The most spectacular example of solution of limestone by ground water is Carlsbad Caverns, N. Mex., one of the most beautiful caves in the world. This celebrated solution cavity is preserved in a national park.
The Pecos River along much of its present course flows in a vertical-walled canyon with limestone rims. The Canadian River, flowing eastward from the Sangre de Cristo Mountains, has cut a deep canyon along the northern part of the Pecos Valley section. The sharp rims of the Dakota Sandstone at the Canadian escarpment, north of the Canadian River, form the northern boundary of the Pecos Valley section.
The sharp, northeast-trending broken flexure called the Border Hills that is crossed by U. S. Highway 70-380 about 20 miles west of Roswell is a unique landform of the Pecos Valley. This markedly linear upfolded (anticlinal) structure forms a ridge more than 30 miles long and about 200 feet high.
As in the Colorado Plateau, windblown sand and silt mantle the landscape in many places, but the greatest accumulations are along the base of the Mescalero escarpment at the northeast and southeast corners of the Pecos Valley section.
East of the Pecos River, in the southeast part of the Pecos Valley, the underlying rocks have yielded much oil and potash.
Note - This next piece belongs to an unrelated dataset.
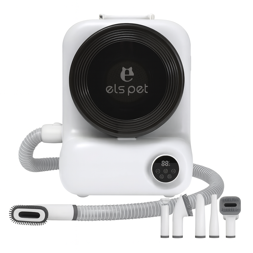 سشوار و پرزگیر Els Pet یک دستگاه حرفه‌ای و چندکاره برای نظافت و آرایش حیوانات خانگی است که با داشتن مخزن ۲ لیتری، موتور کم‌صدا و پنج سری کاربردی، فرآیند برس‌ کشی، جمع‌ آوری مو و خشک‌ کردن را هم‌زمان انجام می‌دهد. این دستگاه با مکش قدرتمند، سشوار دارای تنظیم دما و ماشین اصلاح دقیق، گزینه‌ای ایده‌آل برای سگ‌ها و گربه‌های پرمو است و به صاحبان حیوانات کمک می‌کند بدون ریزش مو در خانه، آرایشی تمیز، سریع و حرفه‌ای را تجربه کنند.

Oil fields are common east of Artesia and Carlsbad, and potash is mined east of Carlsbad.
The Pecos and Canadian Rivers and their tributaries have created the general outline of the landscape of the Pecos Valley, but underground solution of limestone by ground water and the collapse of roofs of these cavities have contributed much detail to the surface that characterizes the Pecos Valley today.
EDWARDS PLATEAU
South of the Pecos Valley section, the Pecos River continues its journey to the Rio Grande in a steep-walled canyon cut 400 to 500 feet below the level of a plateau surface of Cretaceous limestone from which little has been stripped except a thin Tertiary cover of Ogallala Formation ([fig. 30]). To the east, the plateau has been similarly incised by the Devils River and the West Nueces and Nueces Rivers. East of the Nueces to the escarpment formed by the Balcones fault zone, the southern part of the Edwards Plateau has been intricately dissected by the Frio, Sabinal, Medina, Guadalupe, and Pedernales Rivers and their tributary systems. San Antonio and Austin, Tex., are located on the Coastal Plain at the edge of the Balcones fault zone.
Figure 30.—Rio Grande and the flat-lying limestone layers of the Edwards Plateau downstream from the mouth of the Pecos River. Mexico on the left side of picture. Photograph by V. L. Freeman, U. S. Geological Survey.